Stable-Layers: Fine-Tuning Image Layer Decomposition Models with VLM-Scored Reinforcement Learning
Summary
Stable-Layers is a novel reinforcement learning framework designed to fine-tune image layer decomposition models without requiring paired supervision. It leverages feedback solely from a vision-language model (VLM). Starting with the Qwen-Image-Layered model, Stable-Layers employs Flow-GRPO with LoRA adaptation. The process involves sampling multiple candidate decompositions for each image, which are then scored by a VLM, and subsequently, the policy is optimized using group-relative advantages. A significant challenge addressed is the VLM's tendency to compress judgment scores into a narrow band, limiting variance for GRPO. This is overcome by a two-stage evaluation pipeline: initial structured per-sample scoring based on five edit-centric criteria, followed by a grid-based calibration step where the VLM re-scores all candidates side-by-side. The framework demonstrably yields decompositions with enhanced layer separation, reduced blank or artifact-heavy layers, and lower per-layer reconstruction error on the Crello dataset compared to the base model.
Key takeaway
For Machine Learning Engineers developing image layer decomposition models, Stable-Layers offers a critical shift: you can now fine-tune models like Qwen-Image-Layered using only VLM feedback, eliminating the costly and time-consuming need for paired supervision.
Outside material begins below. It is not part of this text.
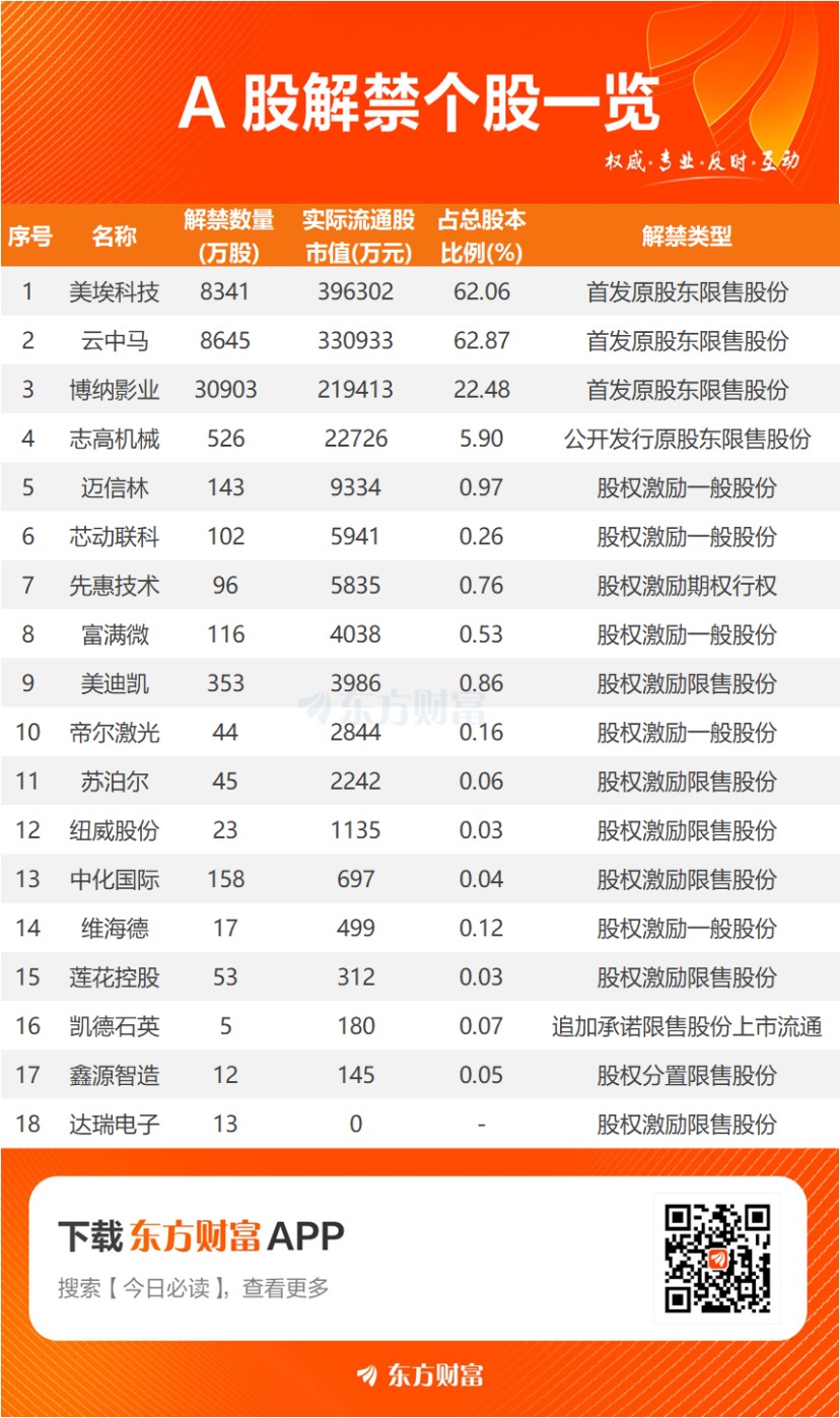 【明日解禁】明日18股解禁 美埃科技、云中马解禁市值居前

This approach, particularly its two-stage VLM scoring, provides a robust method to achieve stronger layer separation and fewer artifacts. You should explore VLM-scored reinforcement learning to accelerate model development and improve decomposition quality without extensive data labeling efforts.
Key insights
Stable-Layers fine-tunes image layer decomposition models using VLM-scored reinforcement learning, eliminating paired supervision and improving decomposition quality.
Principles
- VLM feedback can replace paired supervision.
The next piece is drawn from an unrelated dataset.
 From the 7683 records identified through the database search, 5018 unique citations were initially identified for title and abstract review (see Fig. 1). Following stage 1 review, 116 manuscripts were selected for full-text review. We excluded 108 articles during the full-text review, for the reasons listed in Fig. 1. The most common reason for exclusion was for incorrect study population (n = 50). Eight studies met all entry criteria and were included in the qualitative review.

- Group-relative advantages improve policy optimization.
- Two-stage VLM scoring enhances reward signal.
Method
Stable-Layers applies Flow-GRPO with LoRA to Qwen-Image-Layered, samples decompositions, scores them with a two-stage VLM evaluation, then optimizes policy from group-relative advantages.
In practice
- Fine-tune decomposition models without paired data.
- Apply two-stage VLM scoring for robust rewards.
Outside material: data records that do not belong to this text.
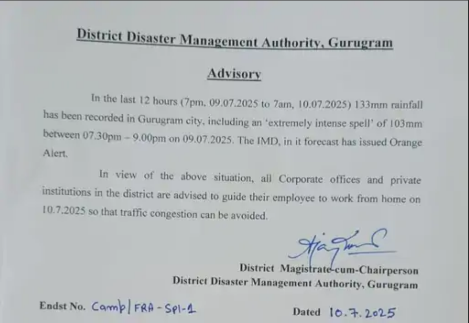 गुरुग्राम के डिप्टी कमिश्नर की ओर से शहर की सभी आईटी और कॉर्पोरेट कंपनियों को एडवाइजरी जारी की गई है। इसमें अपील की गई है कि कर्मचारियों को वर्क फ्रॉम होम (WFH) की सुविधा दी जाए, ताकि सड़कों पर जाम से बचा जा सके और लोग सुरक्षित रहें।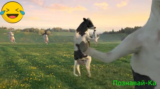 Коровы танцуют на лугу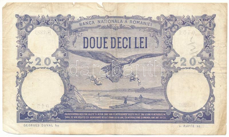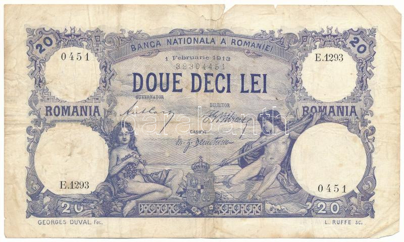 Romania 1913. ... https://www.darabanth.com/hu/504-Gyorsarveres/504.0/Numizmatika/Kulfoldi-bankjegyek~4500061/Romania-1913-februar-1-20L-TF-VG-nagyobb-beszakadas3Cbr-3E-Romania-1913-February-1st-20-Lei-C~II3422866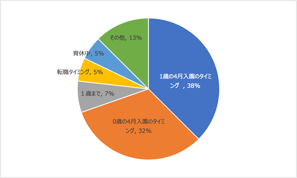 復職のタイミングはどのように決めたか聞いたところ「4月の保育園入園のタイミング」という方が7割以上に。このうち、1歳クラスで入園したのが38%、0歳クラスで入園したのが32%で、1歳以降での復職が多いことが分かります。待機児童が多かったころは、入園しやすい0歳児のうちにという方が多くいましたが、今は1歳やそれ以降の年齢で4月入園を決めるというママが多くを占めるようになりました。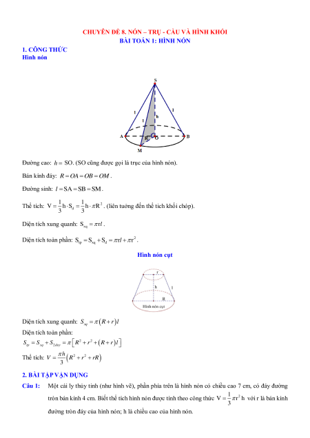 Chuyên đề 8. Nón trụ cầu và hình khối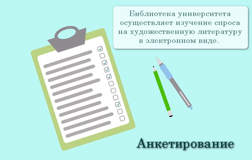 Библиотека университета осуществляет изучение спроса на художественную литературу в электронном виде. Просим вас пройти анкетирование любым удобным способом: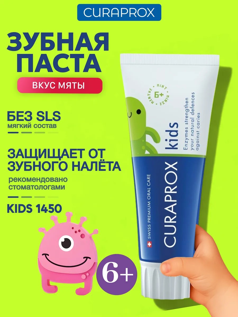 Зубная паста Curaprox Kids 1450 со вкусом мяты - это безопасное и эффективное средство для гигиены зубов. Она содержит в составе фториды 1450 ppm, что делает ее идеальным выбором для борьбы с кариесом и защиты зубов от разрушения.

- Achieve stronger layer separation in images.
Topics
- Image Layer Decomposition
- Reinforcement Learning
- Vision-Language Models
- Model Fine-tuning
- Qwen-Image-Layered
- Flow-GRPO
Best for: Research Scientist, AI Scientist, Machine Learning Engineer, Computer Vision Engineer
Related on AIssential
Editorial summary, takeaway, and curation by AIssential. Original article published by Computer Vision and Pattern Recognition.